INTERNATIONAL BUSINESS MACHINES CORPORATION


Inventor(s)

Xi Yang of Apex NC (US)

Larisa Shwartz of Greenwich CT (US)

Ruchi Mahindru of Elmsford NY (US)

Ian Manning of Church Hill (IE)

Ruchir Puri of Baldwin Place NY (US)

MUDHAKAR Srivatsa of White Plains NY (US)

ANOMALY DETECTION AND ANOMALOUS PATTERNS IDENTIFICATION - A simplified explanation of the abstract

This abstract first appeared for US patent application 17737065 titled 'ANOMALY DETECTION AND ANOMALOUS PATTERNS IDENTIFICATION

Simplified Explanation

The patent application describes a method for detecting anomalies and identifying anomalous patterns using a GMM-LASSO algorithm.

  • GMM-LASSO is a selection operator-type algorithm that uses generalized method of moments (GMM) estimation.
  • The method involves a feedback loop where an anomalous window is detected and then used to identify anomalous patterns.
  • The approach can be applied to classify sequential data.
  • It generates vectors based on the sequential data.
  • These vectors are then clustered into clusters.
  • The method determines the membership of the vectors in the clusters.
  • The clusters are updated and optimized with respect to a predefined threshold.


Original Abstract Submitted

An approach for end-to-end anomaly detection and anomalous patterns identification is disclosed.

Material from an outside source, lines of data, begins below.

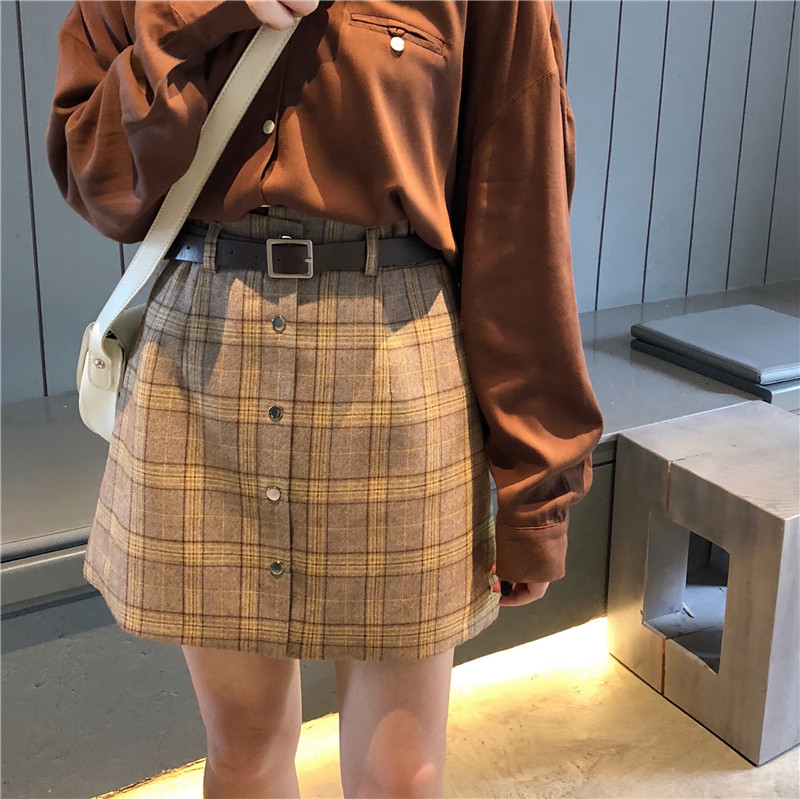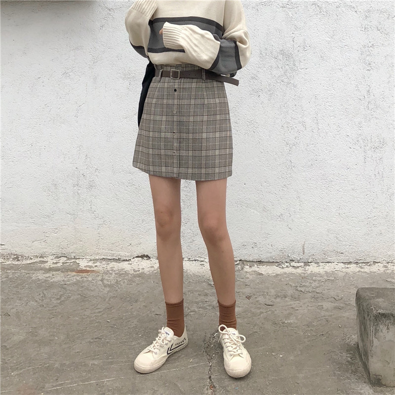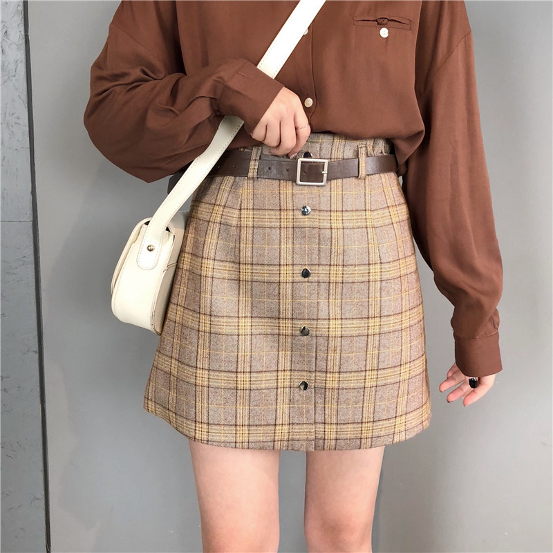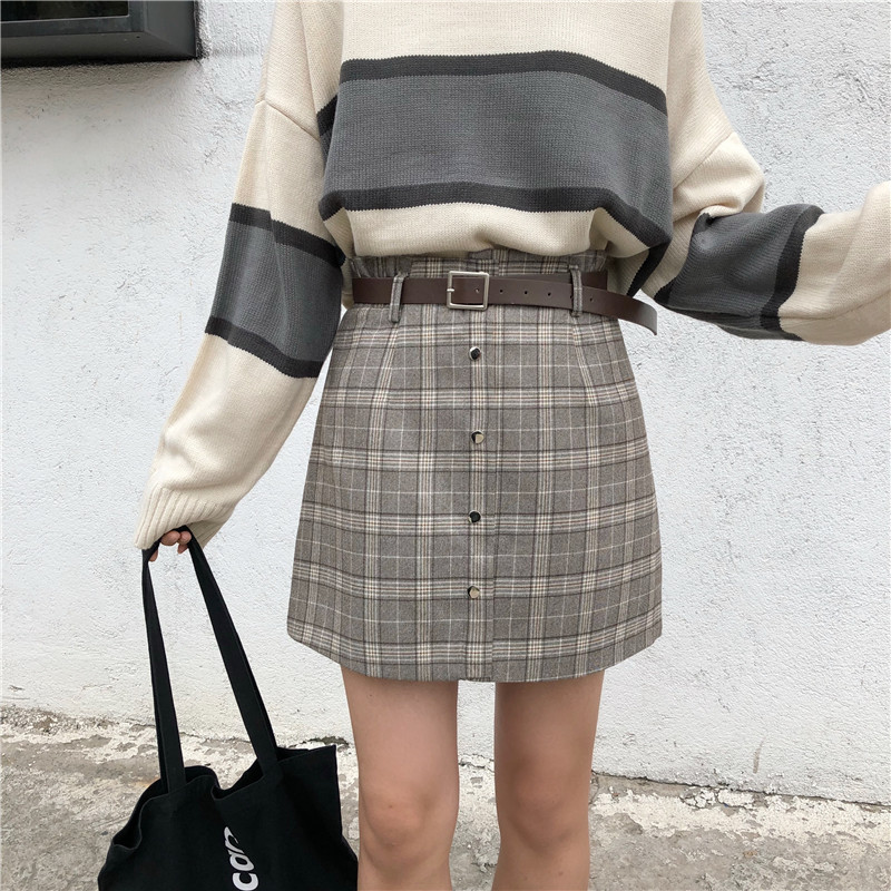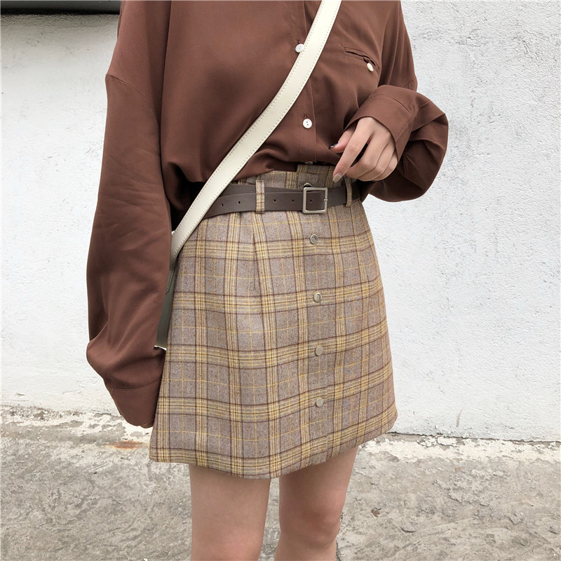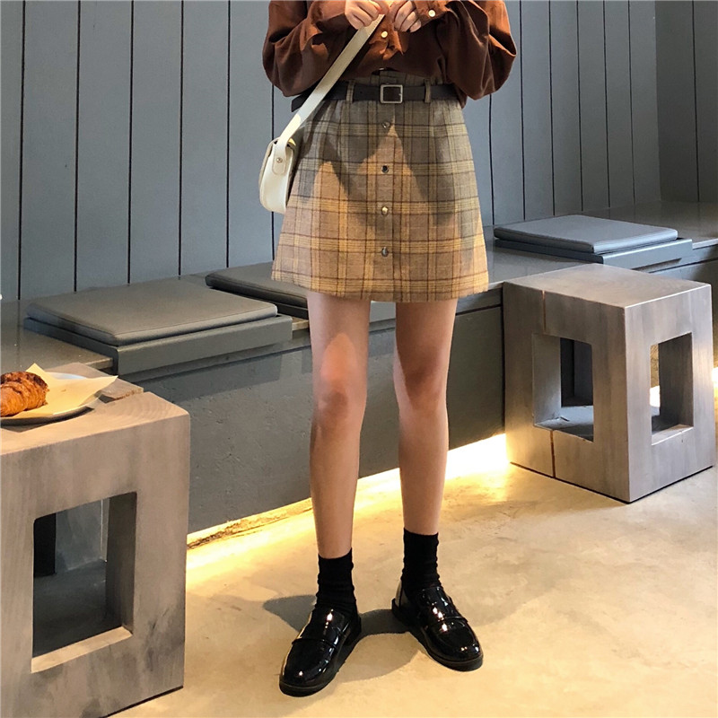高腰chic短裙半身裙秋冬女大碼A字一步裙顯瘦包臀格子裙1入
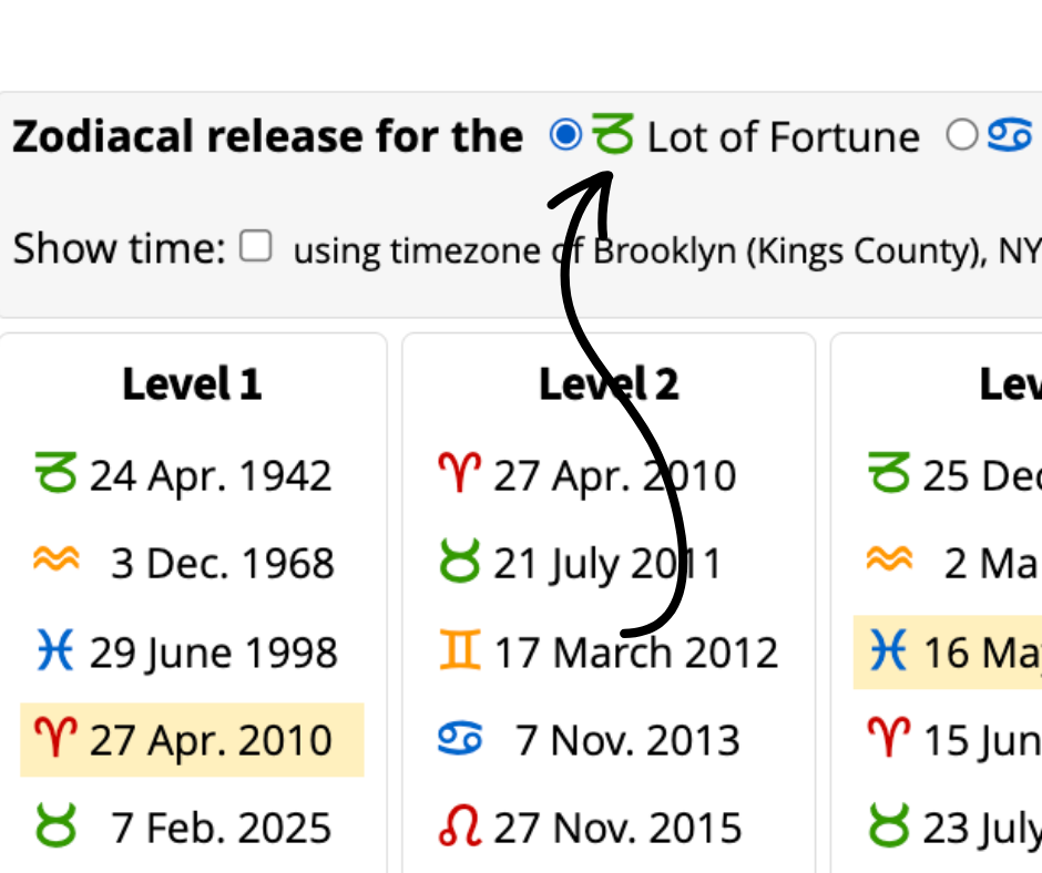 You can read your ZR periods for free on Astro.com! Personally, I love using Astro Gold software for looking at transits, synastry as well as annual profections and zodiacal releasing periods, but to find your for free, you can do the following:
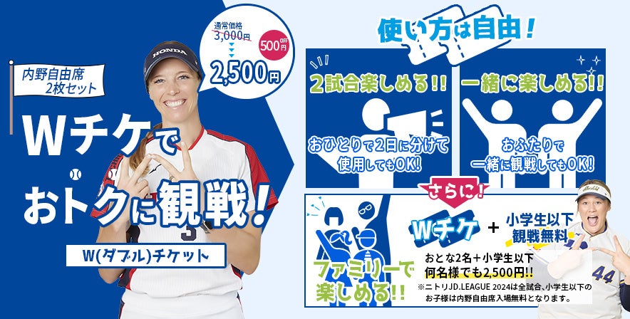 一般社団法人 日本女子ソフトボールリーグ機構(所在地:東京都新宿区西新宿6丁目14-1 新宿グリーンタワービル20階、代表理事、会長、チェアマン:三宅 豊)は、ニトリJD.LEAGUE 2024レギュラーシーズンの観戦チケットを3月15日(金)より販売開始いたしますことを下一般記のとおりお知らせいたします。
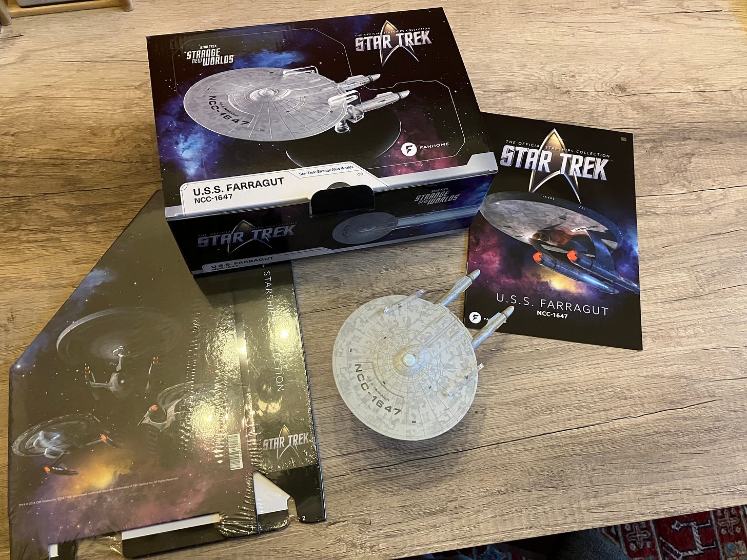 So far, Fanhome has been doing right by me on their starship collection. I didn’t suffer through the Christmas time lag on the second model like some folks did. According to the US Fanhome guys, there was a missorting and the models are (as of this writing) on their way. The third drop was the one I was waiting for: the new USS Farragut from Strange New Worlds. I’ve been digging the Discovery/Strange New Worlds aesthetic for the outside of the ships, and I was hoping this one would be up to snuff.
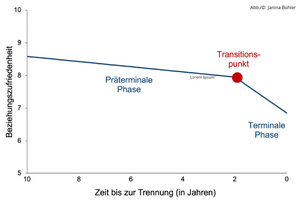 Verlauf der Beziehungszufriedenheit bis zur Trennung. Bild: © Janina Bühler
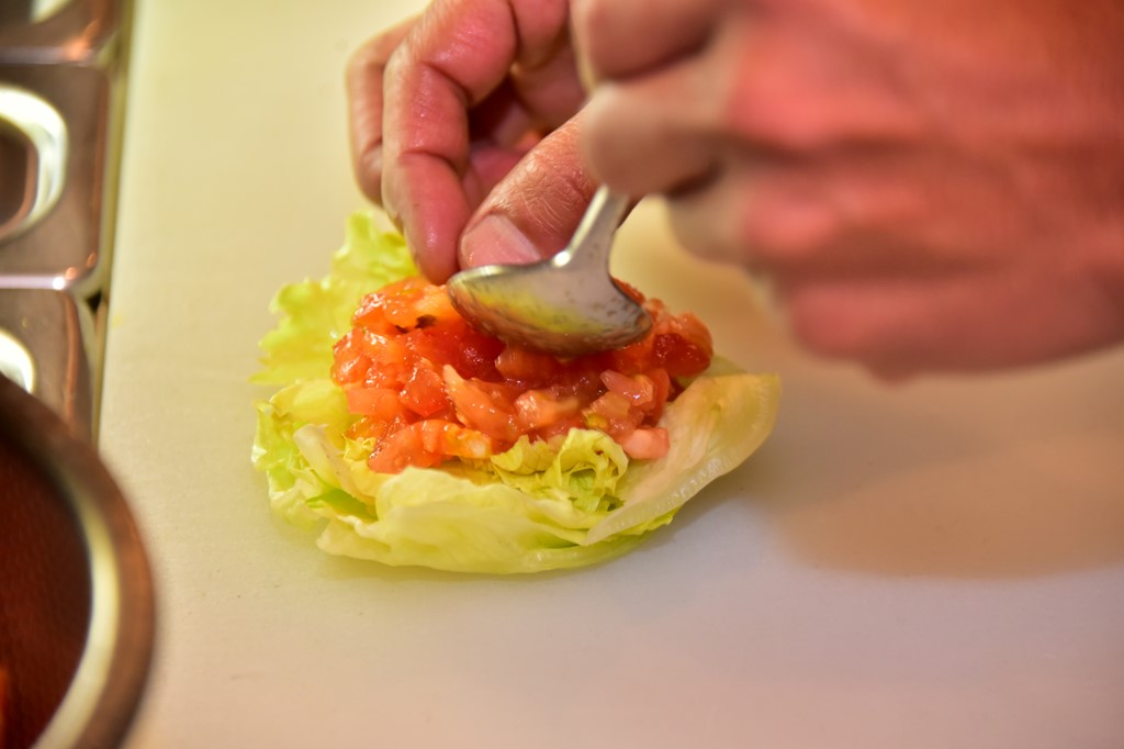 ARMSではスライストマトではなく、全体のバランスよさを考えてクラッシュトマトを使っている。
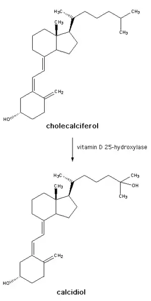 ![]() تحول كوليكالسيفيرول إلى كالسيفيديول والذي يحفز بواسطة CYP2R1. |
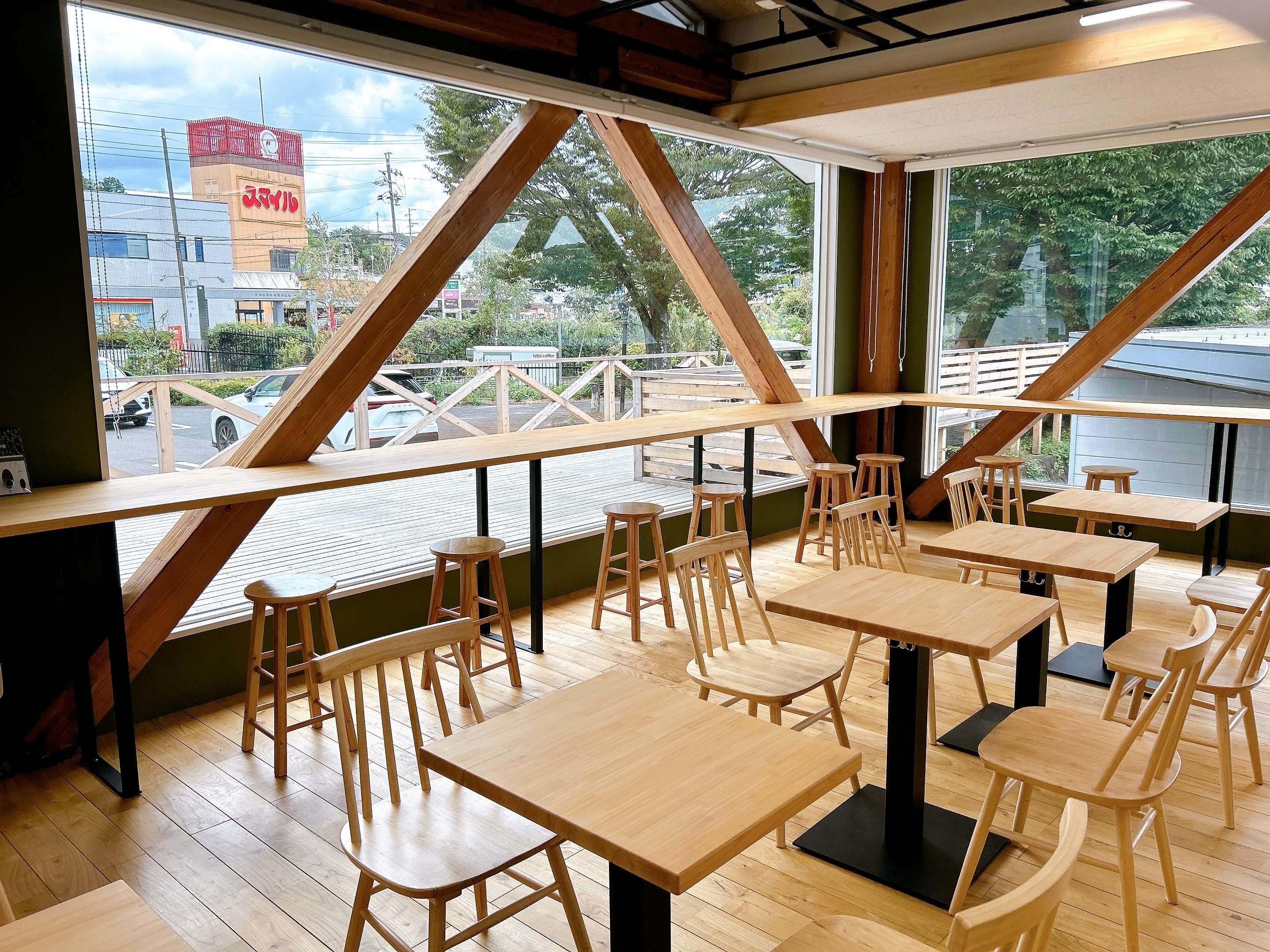 カフェスペースは窓に面したL字のカウンター席、入口近くと店舗奥で雰囲気が違うテーブル席は、用途に合わせて使い分けできそうです。

The approach leverages the use of a GMM-LASSO (a selection operator-type, Lasso-type, generalized method of moments (GMM) estimator) algorithm and proposes a feedback loop where the window (i.e., anomalous window) is detected and then it is used to detect the anomalous patterns. For example, the approach can classify one or more sequential data; generates one or more vectors based on the one or more sequential data; clusters the one or more vectors into one or more clusters; determines a membership of the one or more vectors associated with the one or more clusters; updates the one or more clusters; and optimizes the one or more clusters with respect to a predefined threshold.